Men Against the State
Oscar B. Johannsen
[Reprinted from Fragments, Spring, 1995]
As the American State gains greater power over the individual, and as
the invasion of personal rights grows ever more irritating, people are
becoming increasingly restive over this cancerous growth. Too much of
the tradition of freedom still motivates Americans for them not to
react to the oppressive hand of Big Government as it invades business,
and social and personal life. If nothing else, the alphabetical
agencies which have been spawned have become so obnoxious that it was
inevitable mat a reaction would ensue. The youthful libertarian
movement is but one manifestation of this reaction, and the growing
resistance by business to the red tape of regulatory agencies is
another.
Seeking means to combat this menace of monolithic government, the
literati among the populace are apt to turn to America's 19th Century
literary giant, Henry Thoreau, inasmuch as his "Civil
Disobedience" was and is today a clarion call for the individual
to stand up to the State.
But an important segment of the people, particularly among the young,
whether they are aware of it or not, have greater empathy with other
19th Century American anti-statists who were more outspoken than
Thoreau. Possibly without realizing it, many of the young antistatists
are echoing the thinking of such American radicals of the 19th Century
as Josiah Warren, Lysander Spooner, Benjamin R. Tucker, and others not
quite so well known. The people of this group, who have been
characterized as individualist anarchists, come to life in Dr. James
J. Martin's scholarly monograph, Men Against the State. This
work should be read by all anti-statists, for it points up not only
the fallacies but the wisdom of much of the thinking of these
radicals.
These 19th Century anarchists were not the bomb-throwing crackpots
usually associated in the minds of people when anarchism is mentioned.
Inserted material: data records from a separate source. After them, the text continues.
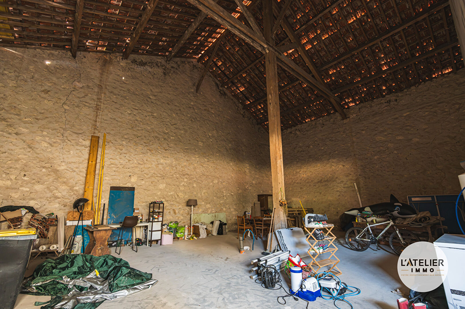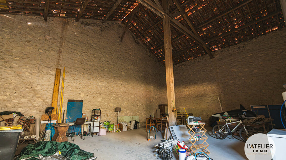En complément, l’ensemble comprend une seconde grange brute à rénover, offrant environ 138 m² au sol et une impressionnante hauteur de 9,5 m au faîtage. Ce volume exceptionnel ouvre un large éventail de possibilités : création d’un second logement, aménagement de gîtes, espace professionnel, atelier d’artiste ou encore lieu de réception.
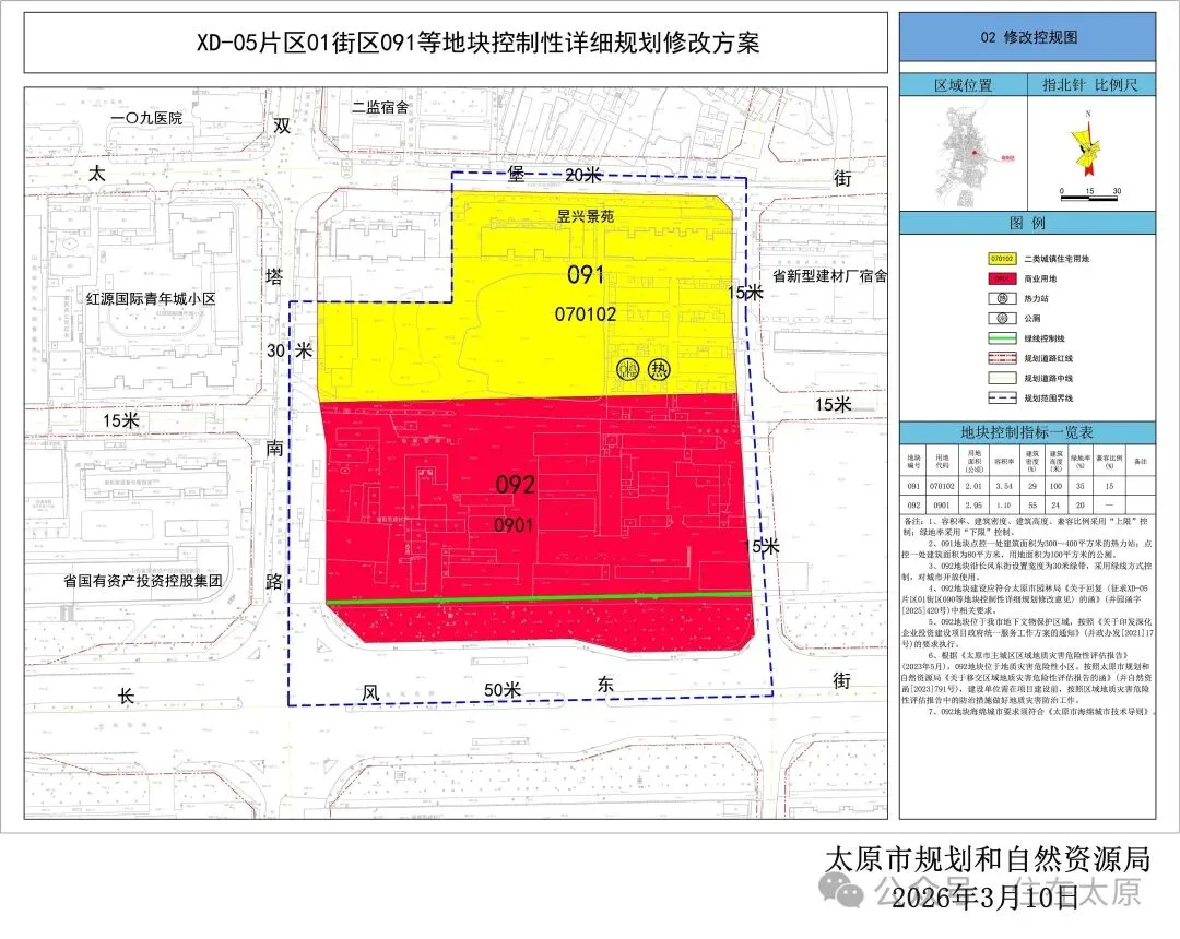 7月,太原市规划和自然资源局发布了XD-05片区地块控规修改必要性研究报告。11月,该片区地块控制性详细规划修改方案进入公示阶段。
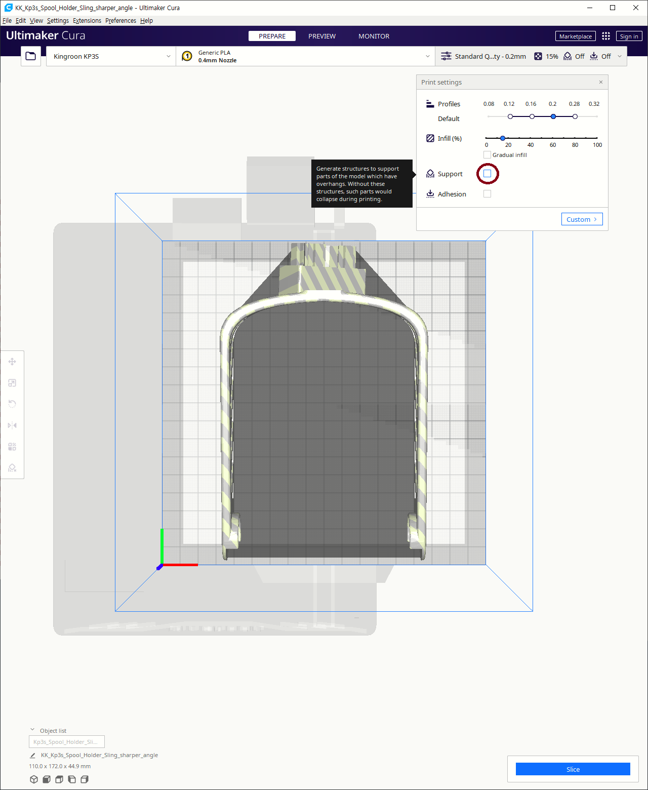 KP3S 의 출력범위인 18x18x18cm 안쪽임에도 Slice 가 되지 않아서
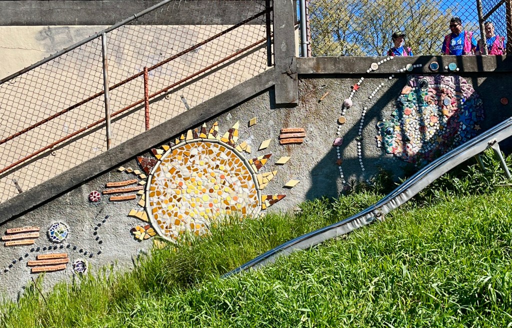 There are also delightful decorations all over the place. This wonderful mosaic is just above the slide, and can be seen from all over the field.
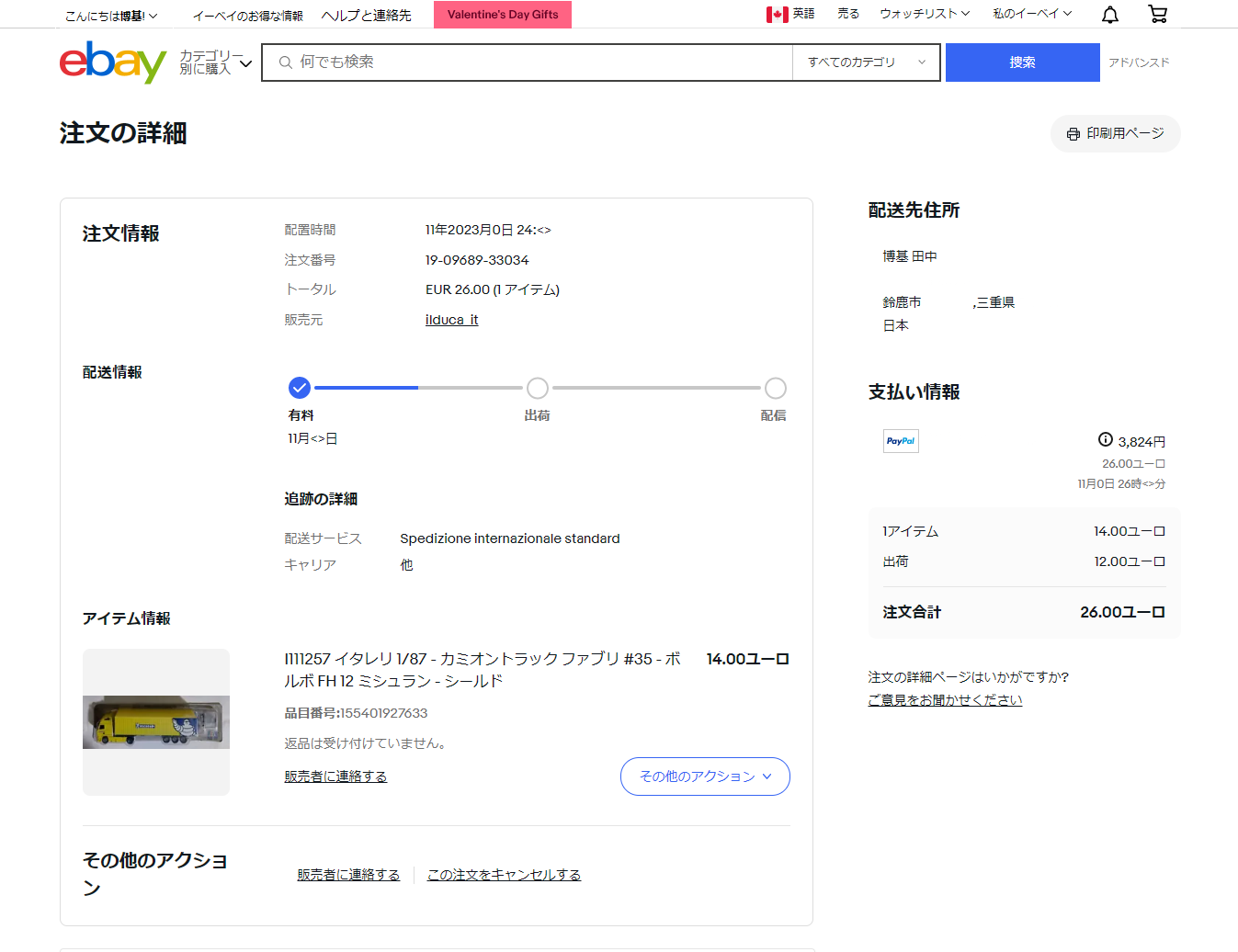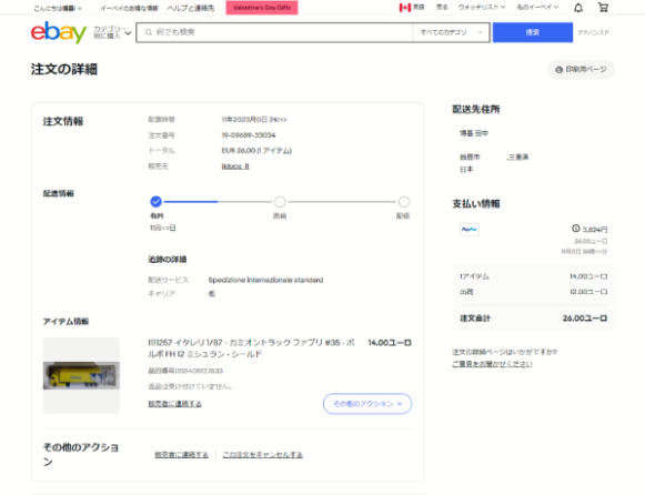 それから今回の商品のトラッキングですが、商品が到着する最後まで機能しませんでした。
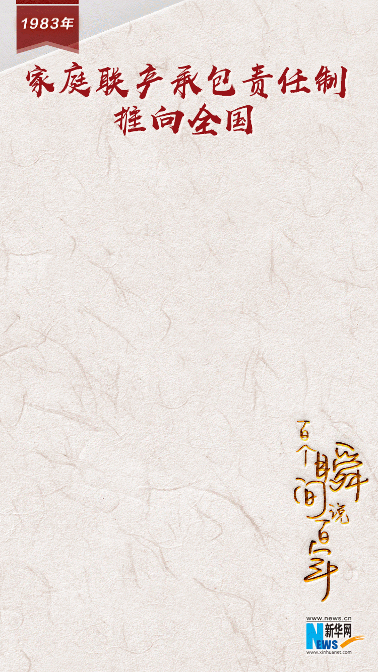 1982年至1984年,党中央连续发出3个关于农村工作的“一号文件”,家庭联产承包责任制迅速推向全国。这充分调动了农民的生产积极性,促进了农业生产的迅速发展。许多地方一年即见成效,粮食产量明显提高,几年就变了个大样。
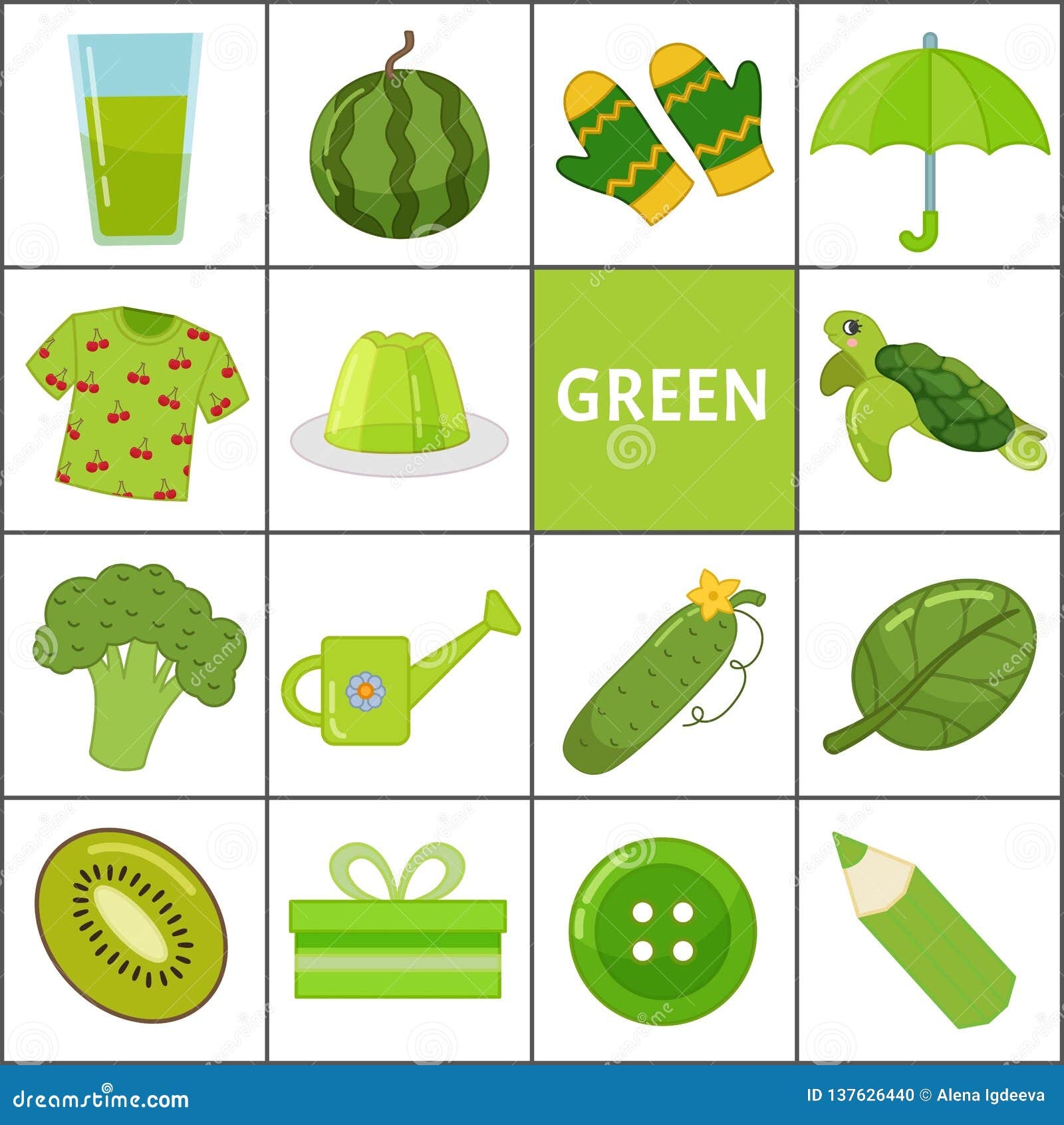 Colorful Set Of Green Color Objects Visual Dictionary For Children About The Basic Colors Cartoon Images To Learning In Kindergarten And Preschool Royalty Free SVG Cliparts Vectors And Stock Illustration Image 137246914
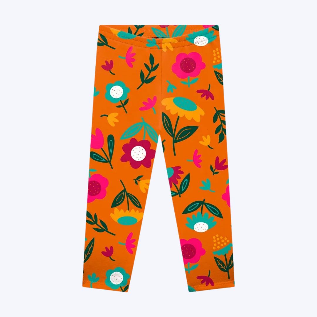 A legging, feita em cotton (95% algodão e 5% elastano), apresenta uma estampa delicada de flores, combinando perfeitamente com o casaco. O cós com elástico garante um ajuste confortável e seguro, permitindo total liberdade de movimentos para as pequenas explorarem e se divertirem durante o dia.
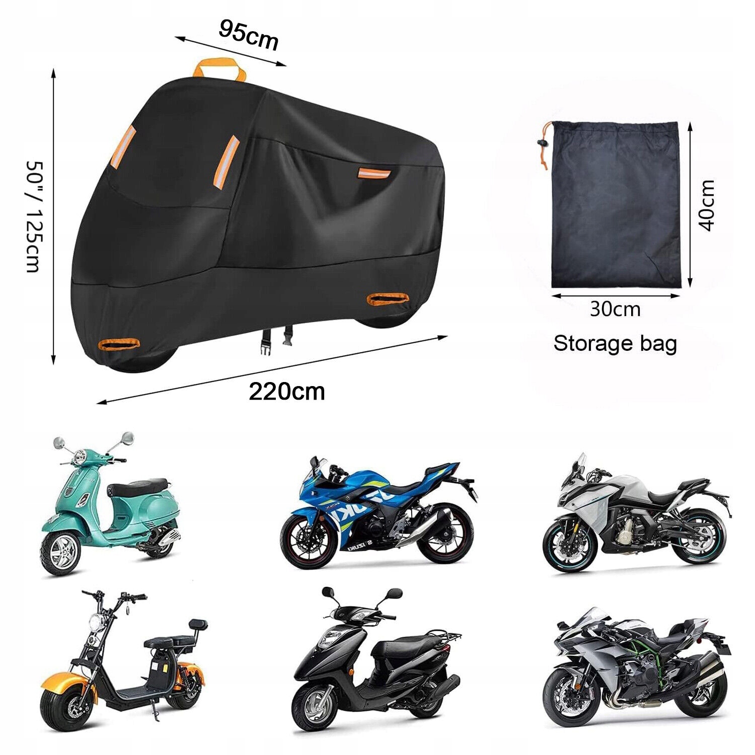 🏍 Універсальний розмір: Цей мотоциклетний брезент на вулиці має розміри 220 * 90 * 125 см і підходить для більшості мотоциклів, таких як Harley Davidson, Honda, Yamaha, Kawasaki, Kawasaki, Suzuki.
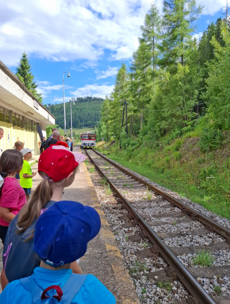 Po výdatnom obede nasledovala prechádzka na vlakovú stanicu, kde deti netrpezlivo čakali na príchod vláčika. Cesta vlakom na Červenú Skalu, počas ktorej prešli niekoľkými tunelmi, sa stala jedným z vrcholov dňa.
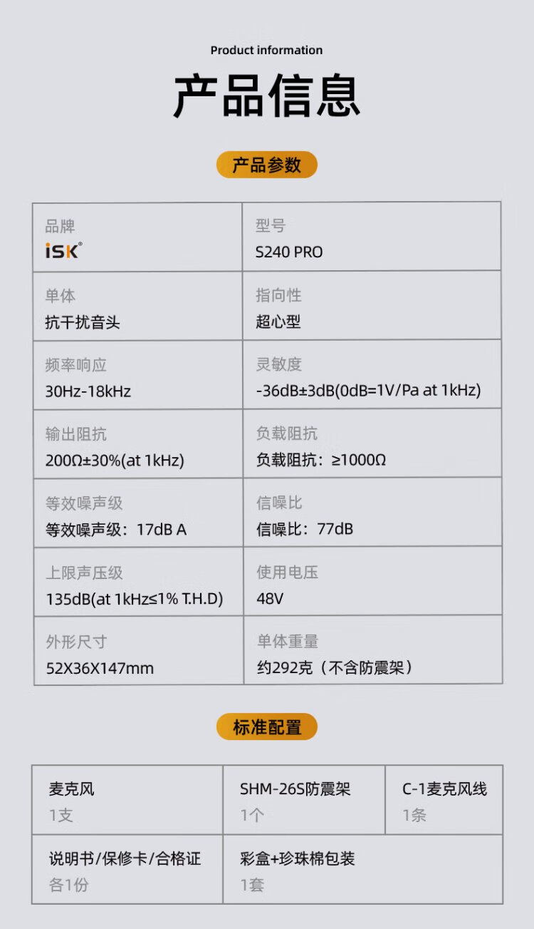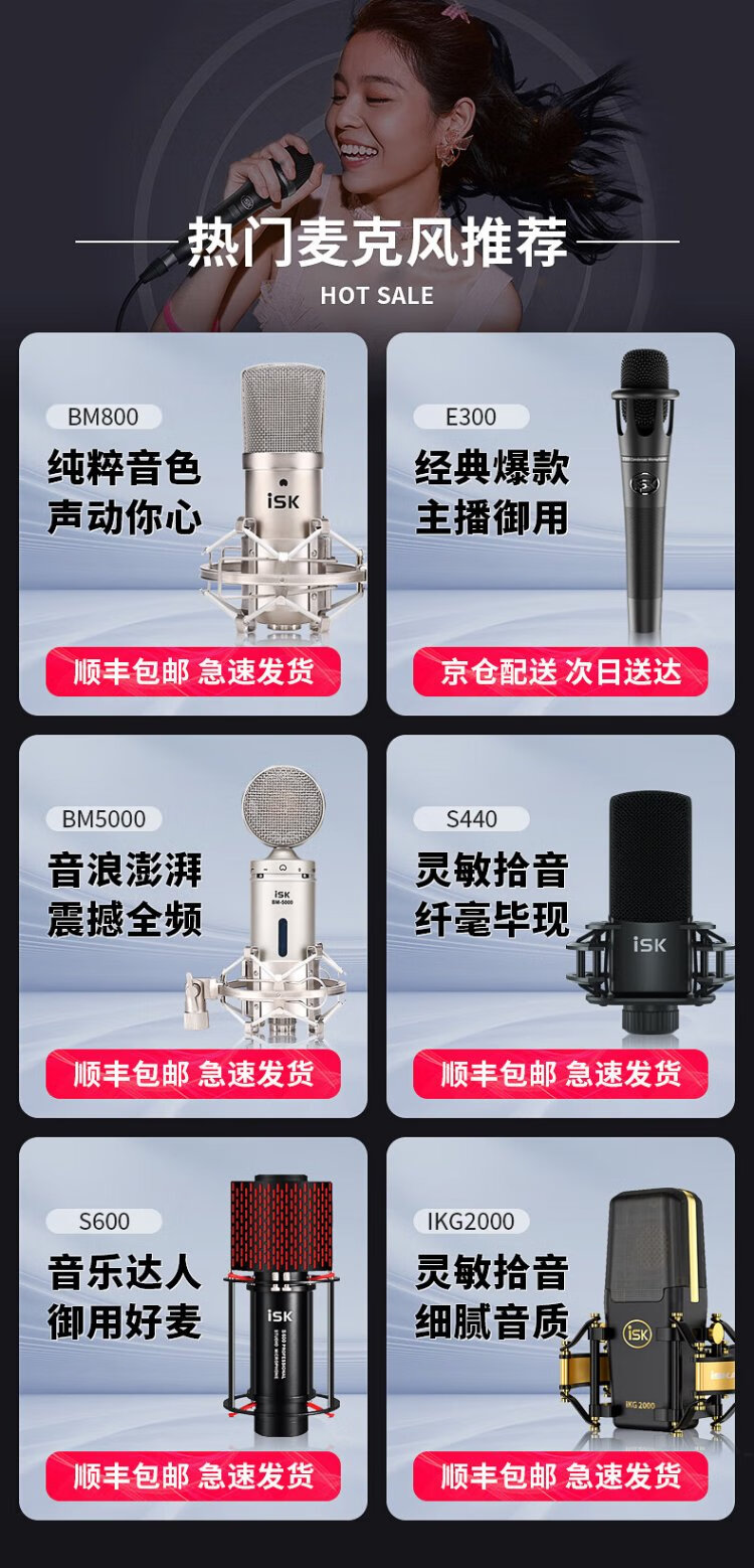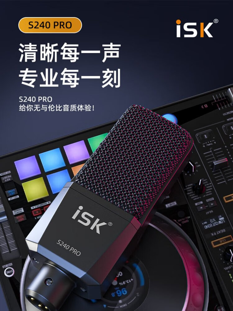 ISKS240PRO condenser microphone anchor live broadcast karaoke singing professional recording sound card set microphone equipment complete set iSK S240PRO single product (set optional)
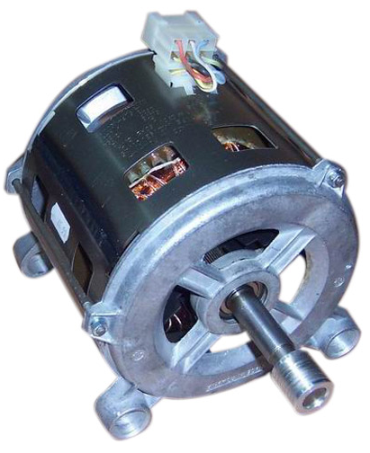 Домашнему мастеру всегда пригодится однофазный двигатель небольшой мощности. На картинке асинхронный двигатель от стиральной машины. Интересен он тем, что имеет две разные обмотки, каждая по три и, соответственно, всего 6 выводов. При помощи командоконтроллера осуществляется двухступенчатое переключение скоростей для стирки и отжима. Итак, первая обмотка. Имеет скорость 400 об/мин, намотана под углом 120 градусов несимметричной звездой. Один вывод имеет меньшее количество витков, При помощи Омметра легко определить выводы для подключения. Два замера дадут одинаковый результат, прим. 50 - 55 Ом а третий, порядка 75 - 80 Ом. К выводам с большим сопротивлением подключаем сдвигающий конденсатор и сетевой провод N. Переключая провод на соседний вывод с конденсатором, меняем вращение. На свободный вывод подключаем второй сетевой провод L. В принципе, где фаза, где ноль, значения не имеет. Получаем, что выводы с меньшим сопротивлением - рабочая обмотка а с большим - пусков
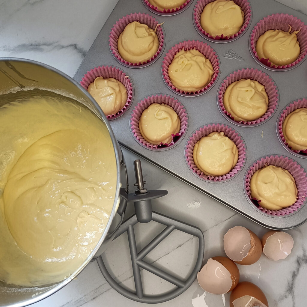 Verdeel het cupcake beslag gelijkmatig over de voorbereide cupcake vormpjes, vul ze tot ongeveer twee derde vol.
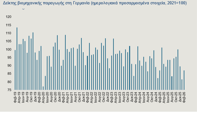 Όσον αφορά την κλαδική διάσταση, ο δείκτης βιομηχανικής παραγωγής ακολουθεί πτωτική τάση από τις αρχές του περασμένου έτους περίπου. Τον Μάρτιο 2025 είχε φθάσει στο επίπεδο του 101,2 και μέχρι τον Φεβρουάριο 2026 υποχώρησε στο 87.

On the contrary, they were highly intelligent and socially motivated
individuals who abhorred violence, just as the typical young
libertarian of today does.
The philosophy which they espoused was a belief in the ability of men
to establish a non-coercive, voluntary cooperative society. Possibly
Benjamin R. Tucker summed up the abstract details of this philosophy
in his anti-statist remedy: "Free access to the world of matter,
abolishing land monopoly: free access to the world of mind, abolishing
idea monopoly; free access to an untaxed and unprivileged market,
abolishing tariff monopoly and money monopoly, - secure these, and all
the rest shall be added unto you. For liberty is the remedy of every
social evil, and to Anarchy the world must look at last for any
enduring guarantee of social order."
Much of this is essentially the thinking implicit in present-day
thought of young libertarians. So, if this is anarchism, these young
people are anarchists at heart, but probably would recoil from being
so labeled, for the word "anarchist," as everyone knows, has
attained an unenviable, pejorative connotation.
For the most part, the 19th Century anti-statists had no definitive
picture of the type of society or the social organizations which would
evolve in a stateless society. Their efforts were primarily devoted to
exposing the fallacies of governmental interventions then existing and
attempting to influence the masses by showing the superiority of a
non-coercive society. In essence, their argument was mat most of the
social problems which existed were caused by the State, and that its
reduction or elimination would mean the elimination or at least the
reduction of these problems. They fought the growing Institutionalism
of their day, and championed individual initiative.
A similarity which is quite striking appears in the writings and
activities of the anti-statists of this generation, for they are
primarily devoted to attacking Big Government. The assumption is mat
the elimination of such interference would result in a society in
which the individual would be best able to attain his maximum
potential, if he so desired. What type of society might ensue is not
too often alluded to, although David Friedman, son of the Nobel
prize-winning economist, Milton Friedman, in The Machinery of
Freedom, does give some indication of what he believes would
evolve.
If today's libertarian thinkers are finding themselves, in effect,
redoing the work of their 19th Century forbears, a question naturally
arises: Why were these older radicals so unsuccessful; for the State
is now greater and more obnoxious than in their day?
No doubt, any number of apologies might be offered. But to this
writer, the principal reason is the faulty economic underpinning of
most of their work. Many of them evolved unsound economic and monetary
theories, such as Lysander Spooner's mortgage-backed currency. As with
most of today's libertarian thinkers, they were most adept in
criticizing the invasion of privacy and in decrying the loss of
freedom. But practical economic policies seem to elude them.
In particular, while they recognized the necessity of land being
freely accessible, even so astute a student of the land problem as
Joshua K. Ingalls did not come up with a workable solution. Instead of
seeing in Henry George's work an answer to this problem, they attacked
George, for they feared that his solution would increase rather than
decrease the power of the State.
It is to be hoped that today's Men Against the State will not make
the mistake of their anarchistic ancestors. Instead, if they will
acquire that fundamental knowledge of man's relationship to the land
and the practical answer required in modern society to enhance that
relationship, the possibility exists that success, rather than
failure, will crown the efforts of this generation of antistatists.